Published on 13.11.2023
Once again, together with the platforms Helmholtz.AI, HIFIS, HIDA and HMC we welcomed doctoral and postdoctoral researchers of the Helmholtz Association to the Incubator Summer Academy, held virtually on 18-29 September 2023 in the interactive space of GatherTown. Participants had the opportunity to engage in introductory lectures, hackathons, deep dive workshops, and hands-on tutorials, offering a comprehensive exploration of state-of-the-art data science methods and skills.
Helmholtz Imaging curated a course package that spanned the entire imaging pipeline. The courses covered a spectrum of topics, from image reconstruction and image segmentation to visualization and image analysis. In this recap, we present a brief overview of the discussed topics, along with materials for your personal training and use.

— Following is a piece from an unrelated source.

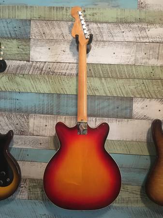 1966 Fender Coronado II vintage sunburst. First year for Fender under CBS. Checkerboard binding. Zero finish checking. Would be dead mint but for (a) a switched-out switch tip and (b) a small, weird bit of scarring on the back of the bass side horn. (It looks as though a previous owner spilled something on it that began to eat through the finish, but wiped it off before it did major damage. A few tiny holes down to the wood. See the photo.) OHSC.

Workshop organizers: Martin Burger, Lorenz Kuger, Samira Kabri, Tim Roith
The goal of image reconstruction is to retrieve an image that can only be accessed implicitly through certain measurements. In X-ray tomography, for example, the measurement created by scanning a human body is called a sinogram, from which we aim to reconstruct an internal image of the body. Image reconstruction problems are examples of inverse problems, which we explored from various perspectives in this course: The dry-run consisted of getting to know the main pitfalls in inverse problems and how they are traditionally circumvented by so-called regularization methods. Longing for the deep dive, we proceeded to contrast these model-based methods with a fully data-driven end-to-end image reconstruction approach, using the popular U-Net architecture. To compromise between both extremes, we settled on a Plug and Play approach combining information from both the model and the data. Finally, we ventured into uncharted waters with the Bayesian perspective. Here, our interest lies not only in a single reconstruction but rather in a probability distribution of reconstructions, which makes it possible to quantify uncertainty.
Workshop organizers: Dagmar Kainmüller, Peter Johannes Hirsch
Instance Segmentation refers to the task of delineating each distinct object of interest in an image, like e.g. cell nuclei in microscopy images from the biomedical domain, or cars and pedestrians in street scenes. Building machine learning models to solve instance segmentation tasks is challenging, in particular in case many similar-looking objects are densely clustered. In our course, we first introduced basic methods for encoding object instances into machine learning model outputs. We then dived into the challenge of training such models to focus on topologically relevant situations, i.e., where a decision needs to be made on whether there are two closely adjacent instances, or rather a single larger one. After this lecture-style part, we went hands-on into an instance segmentation challenge in colab, where participants were able to play with different instance representations and training objectives.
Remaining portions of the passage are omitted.